For this experiment, we are going to spend even less time on frontend development by using an example gently posted by the Streamlit team (https://github.com/streamlit/demo-uber-nyc-pickups). The demo presents the Uber pickups on New York City by hour. Our goal here is to replace pickups with deaths registered on SIM and New York City with the state of São Paulo. 

There are only a few things we need to change in the code to adapt the application to our use. 

### Clone the repository
```bash
git clone https://github.com/streamlit/demo-uber-nyc-pickups.git
cd demo-uber-nyc-pickups
```

### Open app.py on your favorite text editor and change the following lines (commented here)


In [31]:
# OLD -> DATE_TIME = "date/time"
# NEW -> DATE_TIME = "data"

# OLD -> data = pd.read_csv(DATA_URL, nrows=nrows)
# NEW -> data = pd.read_parquet("../data/clean/dataset.parquet.gzip")

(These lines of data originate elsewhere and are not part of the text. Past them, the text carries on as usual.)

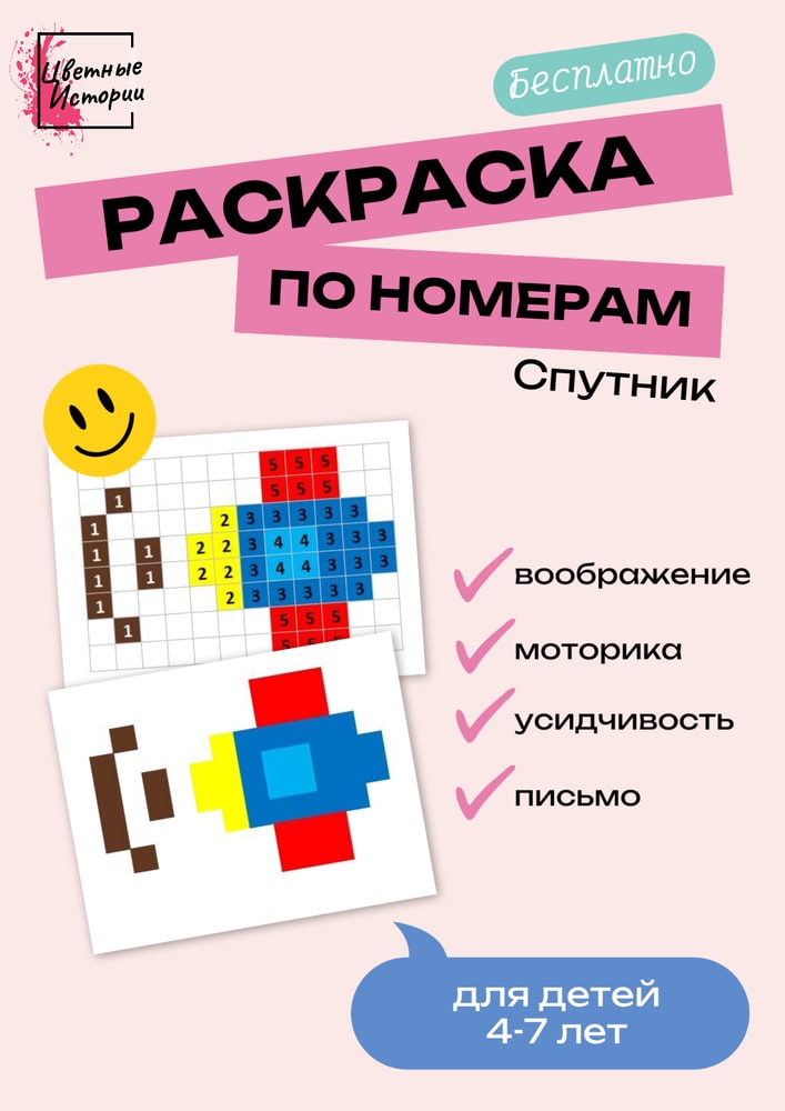 Бесплатная раскраска по номерам «Космический спутник» для детей — развивающ
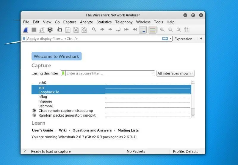 Wireshark 是 Kali Linux 上最受欢迎的网络分析仪。它也可以归类为用于网络嗅探的最佳 Kali Linux 工具之一。
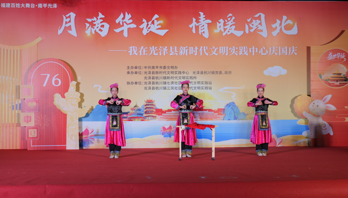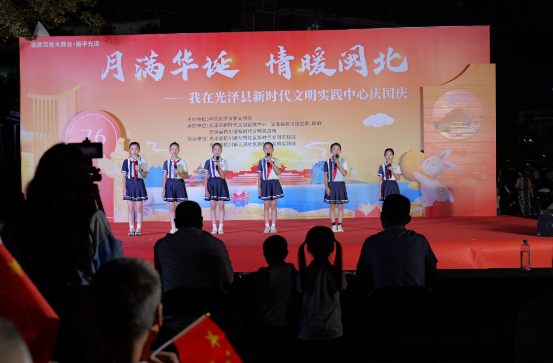 活動現場 9月29日晚,由南平市委文明辦主辦,光澤縣新時代文明實踐中心、光澤縣杭川鎮黨委政府、光澤縣杭川鎮新時代文明實踐所承辦的2025年“月滿華誕 情暖閩北”主題活動在光澤縣中山臺舉行。 活動現場節目精彩紛呈且浸潤文明底色,全國文明村鎮光澤縣杭川鎮的“佳家”廣場舞志愿服務隊以《東方紅》腰鼓表演展現老年群體風貌,傳遞紅色文明;俏丫丫等舞蹈機構舞者用靈動舞姿訴說對未來的憧憬與對祖國的贊頌,融入“向上向善”的文明追求;古箏演奏與書法創作同步呈現,讓中華傳統文化的文明基因直觀可感;鎮嶺小學學子朗誦《少年中國說》,激發青少年“強國有我”的擔當。其間穿插《南平市文明行為促進條例》及雙節知識搶答,居民在互動中輕松學習文明準則。最后,全體參與者手持小國旗合唱《歌唱祖國》,臺上臺下情感呼應,凝聚起“愛黨愛國、崇德向善”的共識。
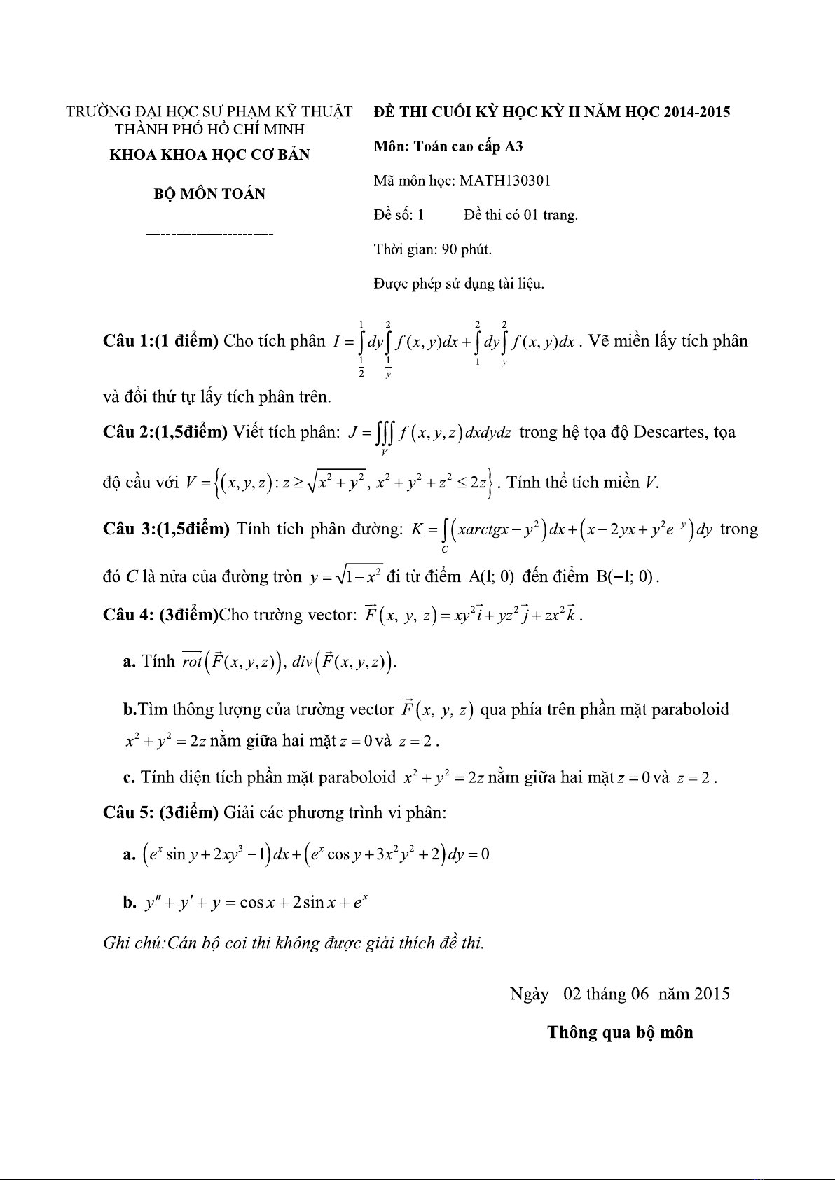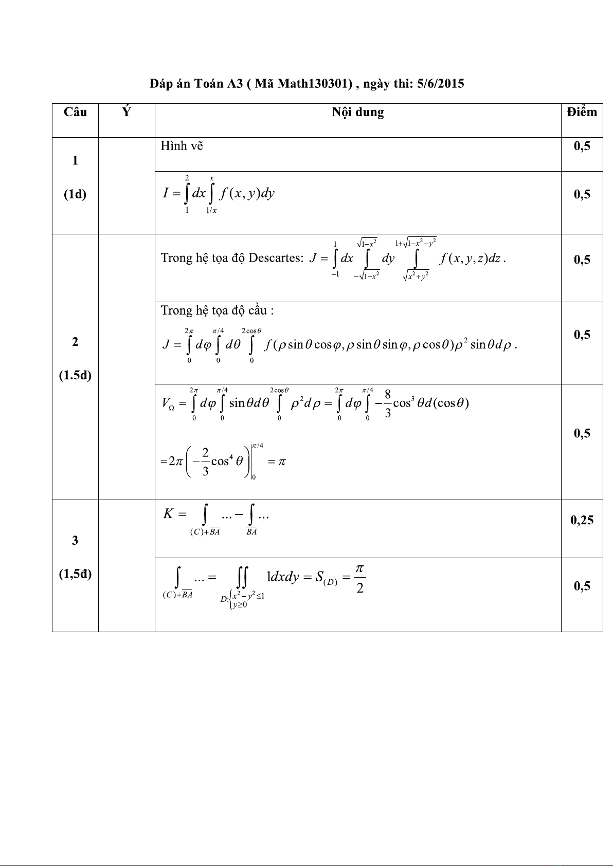 Đề thi và đáp án môn: Toán cao cấp A3
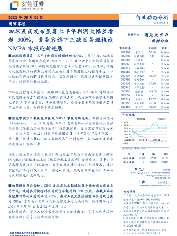 【安信证券】【20210801】商贸零售行业动态分析:四环医药发布盈喜上半年利润大幅预增超300%,爱美客旗下三款医美埋植线NMPA申报迎新进展-16页 行业研究
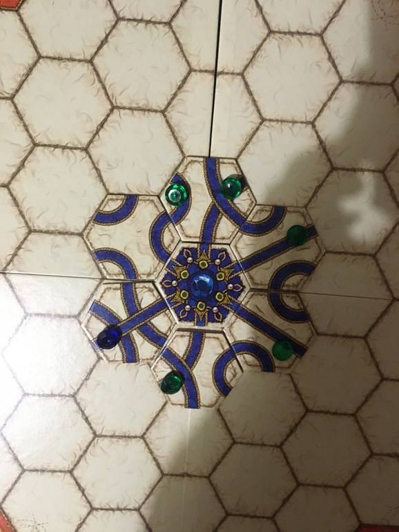 О! Эта стала любимицей. Наравне с Руммикубом, Азулом и Поездом. Прошлой ночью закончили со счетом 206 (я) и 214 (супруга) и то потому что я ошибся с тем, что игрок, выложивший последнюю плитку получает 6 очком. Вот эти-то очки и вырвали у меня победу.

For cosmetic purposes you may also change the title and other specific references

### Install streamlit
```bash
pip install streamlit
```

### Run the app
```bash
streamlit run app.py
```

![terminal_streamlit](../assets/terminal_streamlit.png)

Voilà! This command will automatically open the app on your browser (port 8051 by default).

# Conclusion
This is a very simple project that shows some amazing libraries that are being developed lately for Machine Learning applications. Although we didn't used any complex techniques here, we covered an interesting part of what a data scientist do. Data ingestion, cleaning, enriching and finally visualization.

I hope you learned something from this and I encourage you to play around with Streamlit, it's definitely amazing!